Precisely what compilers do for a given flag varies by compiler and by version. There could potentially be issues with certain optimizations (unfortunately, the OpenJDK VM does have undefined behavior, although we're attempting to gradually reduce it; the chance of a real problem due to undefined behavior certainly increases with the optimization level, as does the probability of a compiler bug), and there have been such issues in the past.
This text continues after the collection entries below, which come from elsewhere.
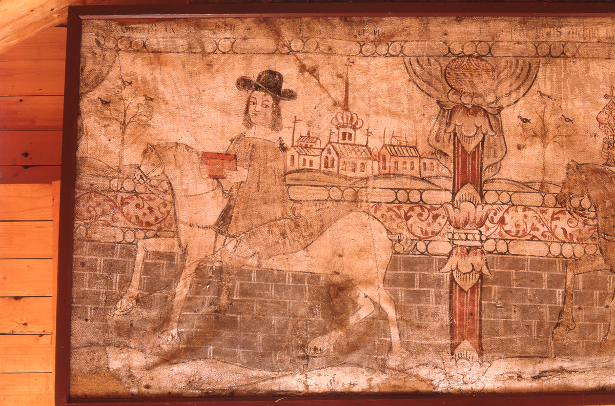 Bjuråkers hembygdsgård. Interiör. Väggmålning: De tre vise männen.
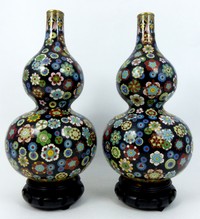 17 - PR CHINESE CLOISONNE ENAMELED DOUBLE GOURD VASES Pair of Chinese cloisonne enameled double gourd vases with millefleur pattern over a black ground. Each measures 8 1/4" (20.7cm) height + 1" (2.5cm) wooden base.
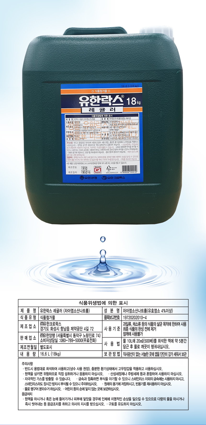 [도매직방] 유한락스 레귤러 18KG 말통 이미지/
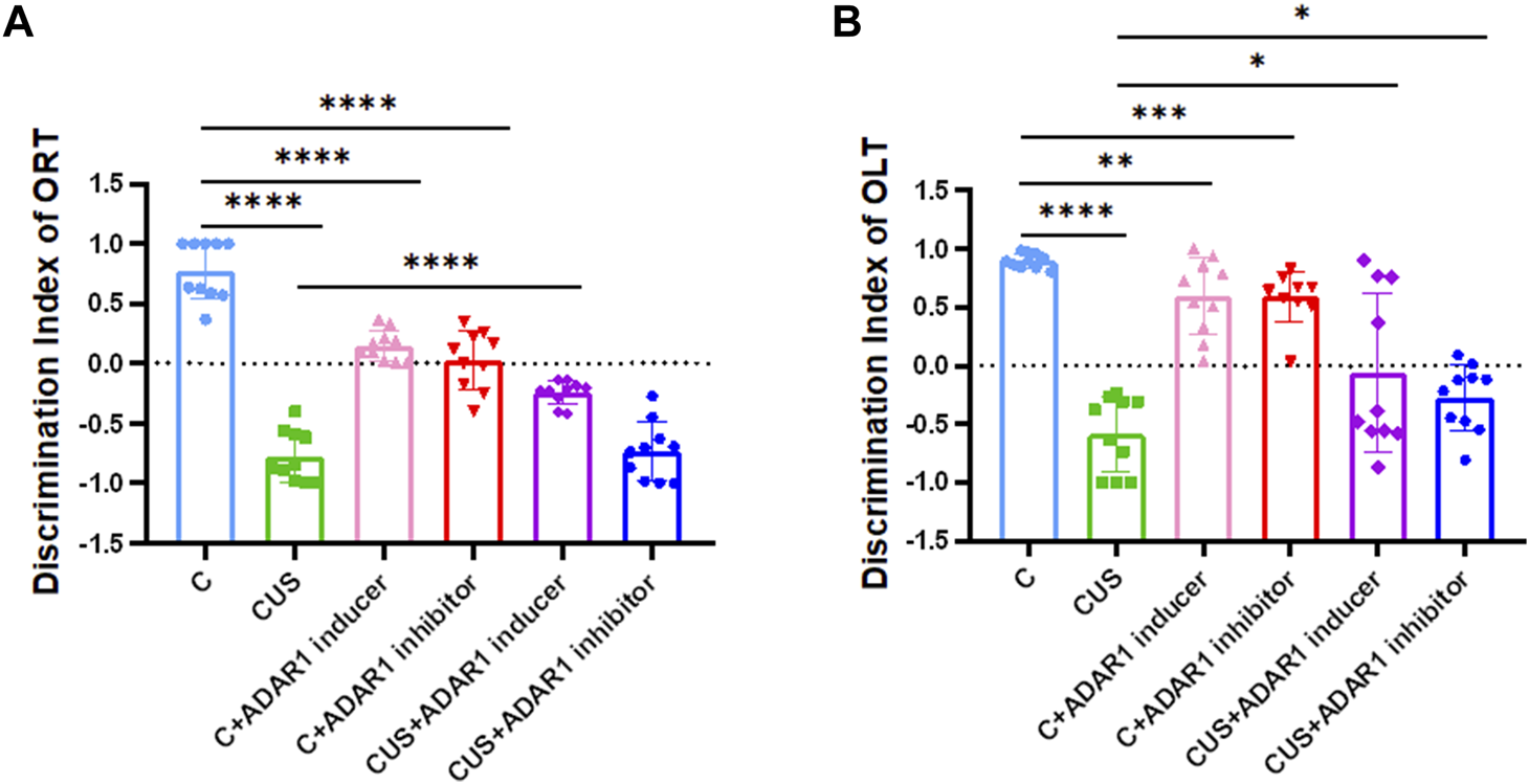 ADARl inducer alleviates spatial and non-spatial cognitive impairment in mice exposed to chronic unpredictable stressors. (A) Discrimination index of the mice in the new object recognition test (ORT). (B) Discrimination index of the mice in the new object location test (OLT); “C” represents normal control group, “CUS” represents chronic unpredictable stressors-treated model group, “C + ADARl inhibitor” represents ADARl inhibitor (PEN) intervention control group, “C + ADARl inducer” indicates ADARl inducer (INF-γ) intervention control group, “CUS + ADAR1 inducer” represents ADARI inducer intervention model group, and “CUS + ADARl inhibitor” indicates ADARl inhibitor intervention model group. *p < 0.05, **p < 0.01, ***p < 0.001, ****p < 0.0001, (n = 10/group). The data are expressed as mean ± standard deviation.
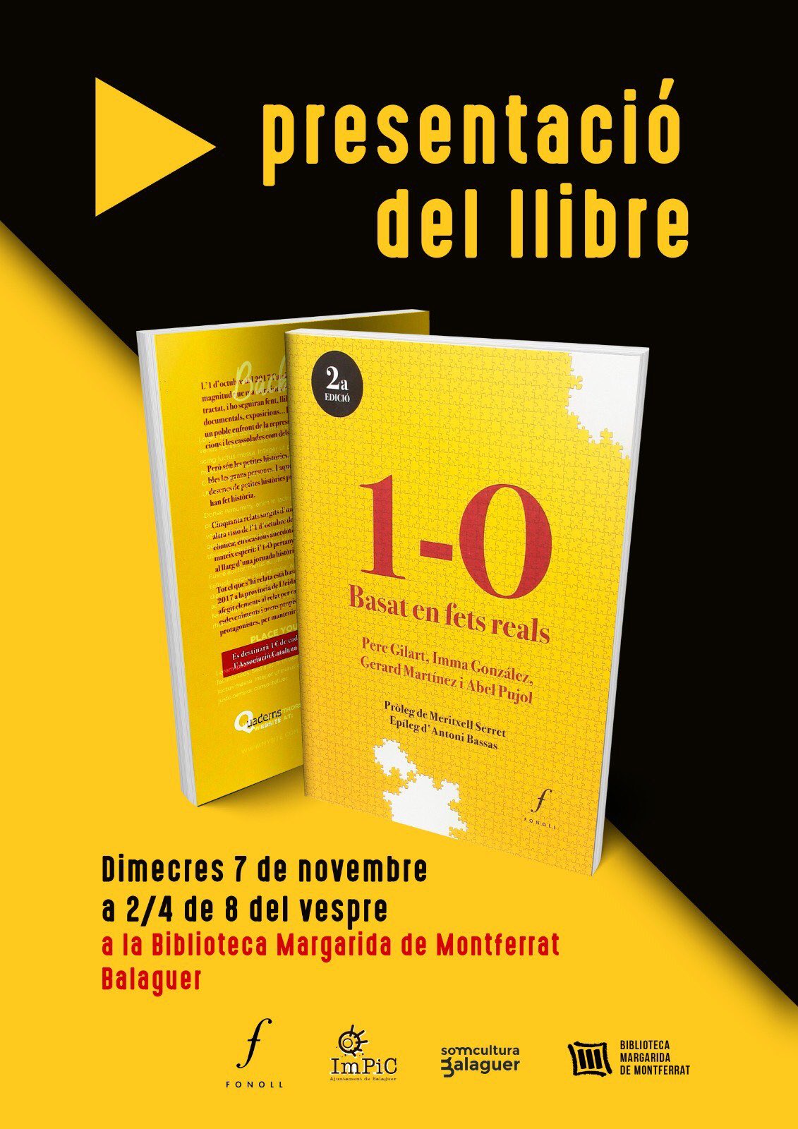 Aquest dimecres 7 de novembre a 2/4 de 8 del vespre, la Biblioteca acull la presentació del llibre '1-O. Basat en fets reals'
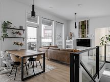 Harvinainen päätyhuoneisto talon paraatipaikalta – valoa, avaruutta ja viimeisteltyä asumismukavuutta
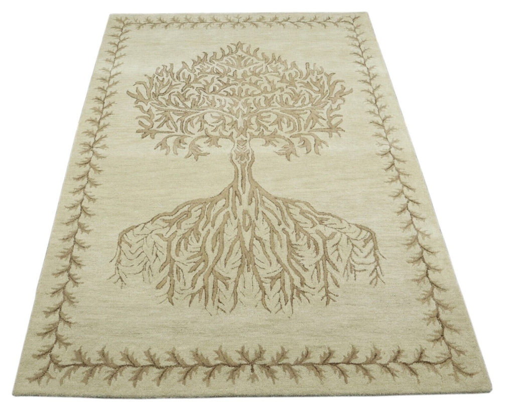 Бежов килим, 100% вълна, 160 x 230 см, ръчно изработен, ръчно тъфтиран, T937
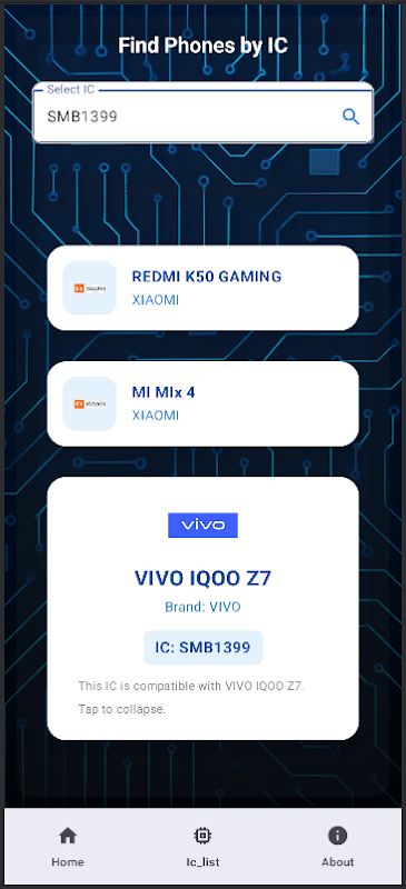 想知道哪些手機使用特定的 IC?只需選擇晶片代碼,即可找到相容的手機型號——非常適合進行更換計劃。
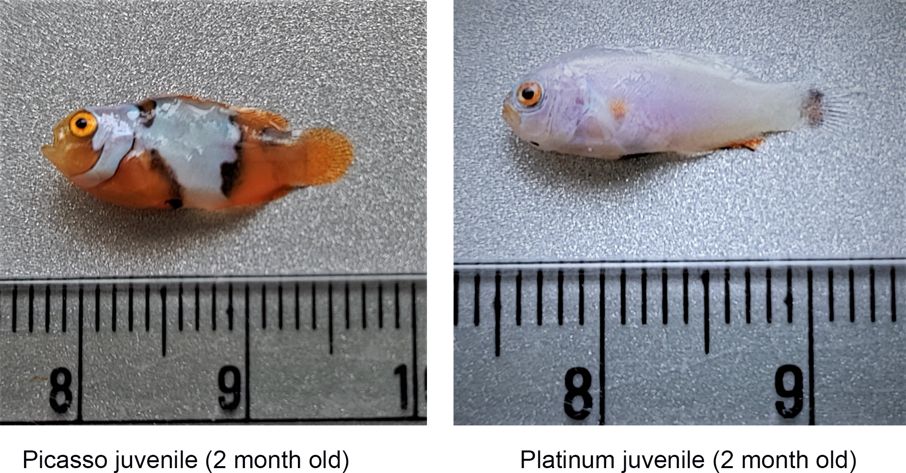 The designer clown fishes exhibited a reproductive behavior similar to that of other members of the subfamily Amphiprioninae. Female was bigger in size than male, and monogamous pairs started laying eggs in a similar fashion to those of other clown fishes. The eggs were cylindrical in shape, and the incubation period ranged from 7 to 8 days. The average number of eggs per clutch varied from 300 to 1,200. Larvae were fed on live feeds such as rotifers and Artemia nauplii initially and later on weaned to formulated pellet feed. The survival rate from newly hatched larvae to juveniles ranged from 40% to 50%. A remarkable observation during the captive breeding was that a uniform phenotypic characteristic or color pattern was not present among the progeny produced from a pair of designer clown fish. The progeny is comprised of a mixture of various types of designer clown fishes in contrast to the case of other clown fishes such as percula or maroon clowns. For example, the progeny produced from a pair of percula clown fish would be all percula only, and that from a pair of tomato clown fish would be all tomato clown fish, whereas in the case of designer clown fish, the progeny from a pair of Picasso consisted of different types such as Picasso, Platinum, and snowflake. Furthermore, the distinguishing characteristics or color patterns in the designer clown fish become clearly visible after a period of about 2 months from hatching. The observations about the phenotype variations in the progeny produced from designer clown fish breeding have been recorded by us over a period of two years.

So while building OpenJDK with particular optimizations for your particular hardware might be worthwhile in some cases, it's not for the faint of heart, and it should be done with care and extensive testing. If you intend to deploy such a custom-built OpenJDK in production, you should strongly consider getting the JCK [1] (the Java TCK) and testing your build for conformance (for all the VM configurations you'll use: GC choice, compiler choice etc.).
A safer and easier way to get "free" performance speedups is to use the most recent JDK (currently 13).
> unfortunately, the OpenJDK VM does have undefined behavior, although we're attempting to gradually reduce it
Is it a goal to remove undefined behavior completely? Because I seem to recall certain architectural decisions being completely reliant on undefined behavior, such as signal handlers as implicit null checks…
Does the JVM use assembly for this? I’d expect writing all of the VM code that handles Java objects in assembly for each platform would be a bit difficult, and I’m not sure I saw enough assembly files in the project for this…
I wonder whether Gentoo might have an edge here (even in general beyond just jdk) since nearly everything on the system is built with the local CPU as the optimisation target? It certainly reduces the need to not be 'feint of heart' to build things too as it's part of business-as-usual. Whether Gentoo itself requires one to not be feint of heart, is definitely an open question!
The entry to the article suggests compiling for your architecture and the n deps several other things.
The article benchmarks - Ofast which is poorly named. It's really -Obroken-by-design. It'll be "faster" but completely break applications.
It also suggests using omit frame pointer which destroys debugability.
-march and -mtune are the parts that the the article title and intro actually suggest. While possible, I see no evidence that this matters. As I understand it the arch that Java is compiled with is not the same as the one that gets used for JIT compiling.
> [-Ofast will] be "faster" but completely break applications
Except for the jvm, apparently. And everything else I've tried it with.
> It also suggests using omit frame pointer which destroys debugability.
Which is completely useless except for jvm developers.
> As I understand it the arch that Java is compiled with is not the same as the one that gets used for JIT compiling.
The performance of the compiler itself matters, not just the performance of the generated code, because, since it's a JIT, compiler code continues to run.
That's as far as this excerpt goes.